If poverty of spirit is about detachment, abandonment to providence and humility it is also a whole sphere where we find Christ in this world. In Matthew 25 Our Lord’s picture of the Last Judgement portrays the poor as manifesting his own hidden presence. I was hungry and you gave me food, I was thirsty and you gave me something to drink God says to the blessed. I was a stranger and you welcomed me, naked and you gave me clothing. I was sick and you took care of me, I was in prison and you visited me…Truly I tell you, just as you did it to one of the least of these you did it to me.

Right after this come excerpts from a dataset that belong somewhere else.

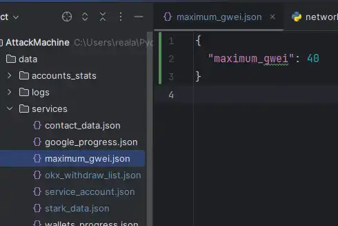 Для включения проверки газа необходимо указать GAS_CONTROL = True и установить максимальное значение газа (MAXIMUM_GWEI), выше которого софт работать не будет. SLEEP_TIME_GAS отвечает за время очередной проверки текущего газа, а CONTROL_TIMES_FOR_SLEEP нужен для предотвращения одновременного запуска собравшихся аккаунтов, после большого количества проверок. Если количество проверок превысит значение этой настройки, то софт сделает случайную задержку рассчитанную по формуле = SLEEP_TIME_STREAM * номер аккаунтаЗначение GAS_MULTIPLIER определяет коэффициент умножения стандартного Gas Limit. Если транзакции буду не проходить из-за ошибок маленького газа, то эта настройка спасет вас.Доступна динамическая смена настройки MAXIMUM_GWEI. Для этого, после запуска маршрута, зайдите в файл data/service/maximum_gwei.json и поменяйте настройку на необходимое значение. После очередного запуска, файл возьмет значение из settings.py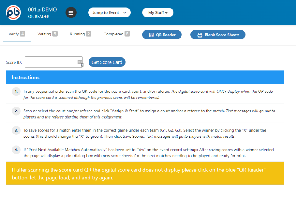 The QR code reader may be used to assign courts and referees for tournaments using the “Next Available Court” method for assigning courts.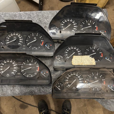 BMW instrumentpanel med speedometer, omdrejningstæller og brændstofmåler samt rat airbag modul med kontrolknapper. Komponenterne er originale og beregnet til BMW biler.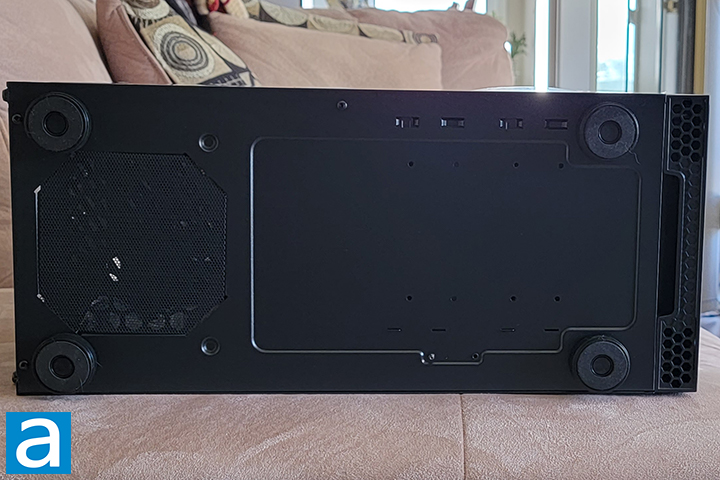 A magnetic removable dust filter can be seen near the back. This dust filter will help maintain clean air intake for your power supply. I am also happy to see the slits are not terribly thick, meaning they will not block a lot of the airflow. The filter is simply a metallic flap that does not come reinforced by any plastic frame, so you will have to use your fingers to slip it off. It also feels a bit cheap since it is frameless. Note the power supply of this case is bottom-mounted, therefore the ventilation area behind the filter is designed for the power supply.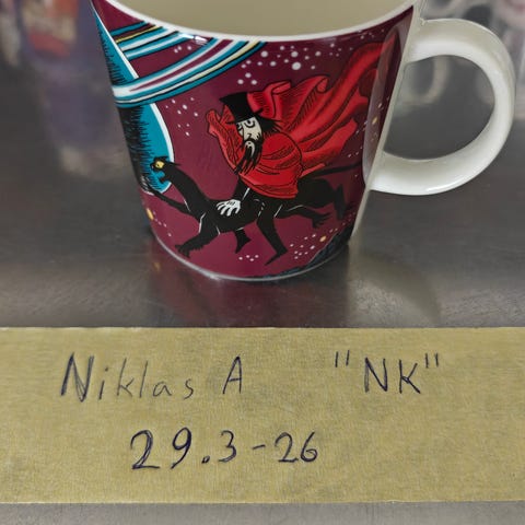 Muumin taikuri muki. Tullut ostettua vahingossa tuplat. En mielelläni postita, että säilyy ehjänä.

As C.S.Lewis again wrote, next to the Blessed Sacrament your neighbour should be to you the most sacred object on the earth. We are to welcome Jesus in a moment in the Blessed Sacrament. God in the material order, hidden in bread and wine. As we welcome him here, may he open our spiritual eyes to see him elsewhere in the material order - particularly in the run of our lives in the coming week - that we may encounter him in the needy. The needy in body, mind and spirit - those who are enduring personal ordeals and badly in need of attention - our attention, our time, our money if needs be. Those who invite our action through the collection of clothes, tents, pots and pans for the Calais refugees

God free us to travel lighter in our Christian pilgrimage with deeper detachment from material things, abandoned more and more to his purposes. The Lord deepen our confidence in his provision and also our humility. We need both confidence in him and humility before him to serve him and his world aright.

As we own up more and more to our own spiritual need and poverty may we see Jesus – Jesus on his throne in glory, Jesus in the sacrament of the altar and Jesus in the hearts of the materially poor and the poor in spirit!   

Blessed, praised and hallowed be Our Lord Jesus Christ upon his throne of glory, in word and sacrament and in our hearts now and forever and to the ages of ages. Amen.